Penelitian akademis pada topik ini telah dilakukan pada berbagai jenis area ilmu
pengetahuan dan menghasilkan berbagai macam teknologi, model dan proposal,
dimana masing-masing hal tersebut mengkaji suatu permasalahan yang spesifik.
Secara mandiri, masing-masing area tersebut telah memberikan kontribusi yang
relevan dengan hal yang kita sebut dengan “Inti Utama Pengetahuan Agribisnis”.
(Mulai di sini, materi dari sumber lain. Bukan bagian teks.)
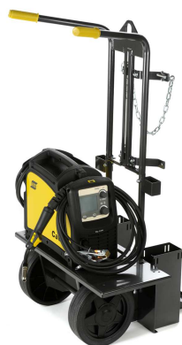
Chariot - pour un transport facile des bouteilles de gaz et Caddy® Mig.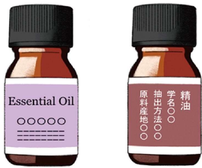
茶色などの遮光瓶に入り、表示に「精油」や「エッセンシャルオイル」とあるので、確認してみましょう

香りと言えばオイル。さまざまな香りがありますね。ちなみに、一般的によく「アロマオイル」と言われていますが、「エッセンシャルオイル（精油）」と違いがあります。エッセンシャルオイル（精油）は、100%天然成分の香りで、香りそのものを楽しむのはもちろん、マッサージなどにも使えます。アロマオイルは、精油100%でないものや、人工香料のものがあります。直接肌につけることは避けたいですが、手軽に香りを楽しむメリットがあります。 花粉症が気になるこの時期におすすめなのは、ユーカリやペパーミント。どちらも清々しい香りです。ユーカリは、抗菌作用があるといわれ、ペパーミントは、頭をすっきりさせる効果も

Permasalahan kritis yang pertama adalah bahwa pengetahuan ini dikembangkan
dalam sebuah model disiplin dan saat ini telah nampak jelas bahwa tantangan
teknologi, sosial dan ekonomi pada agribisnis tidaklah terpisah satu sama lainnya
dan membutuhkan suatu pendekatan yang bersifat antar disiplin. Yang kedua
adalah bahwa agribisnis merupakan sebuah bentuk tunggal dari kegiatan ekonomi,
dimana sebagian besar perusahaan saling membagi sumber daya, teknologi, dan
proses yang sama, meskipun mereka tidak memiliki tujuan yang sama. Pada
industri yang lain, pencapaian tujuan perusahaan dapat muncul dari struktur
koordinasi dan asosiasi yang mereka miliki sendiri, namun dalam agribisnis hal
tersebut membutuhkan keselarasan tindakan sejumlah besar pelaku yang terlibat
di dalamnya dimana hubungan yang terdapat diantara mereka ditujukan untuk
meminimalkan kegagalan pasar dan mengurangi perbedaan kepentingan yang ada.
Dengan demikian analisa agribisnis, sebagai penunjang pendekatan antar disiplin
yang digunakan, membutuhkan suatu sudut pandang investasi yang berisfat
dinamis dan sistemik, bukan bersifat statis dan lokal, untuk mencapai optimalisasi
jangka panjang sistem tersebut secara keseluruhan.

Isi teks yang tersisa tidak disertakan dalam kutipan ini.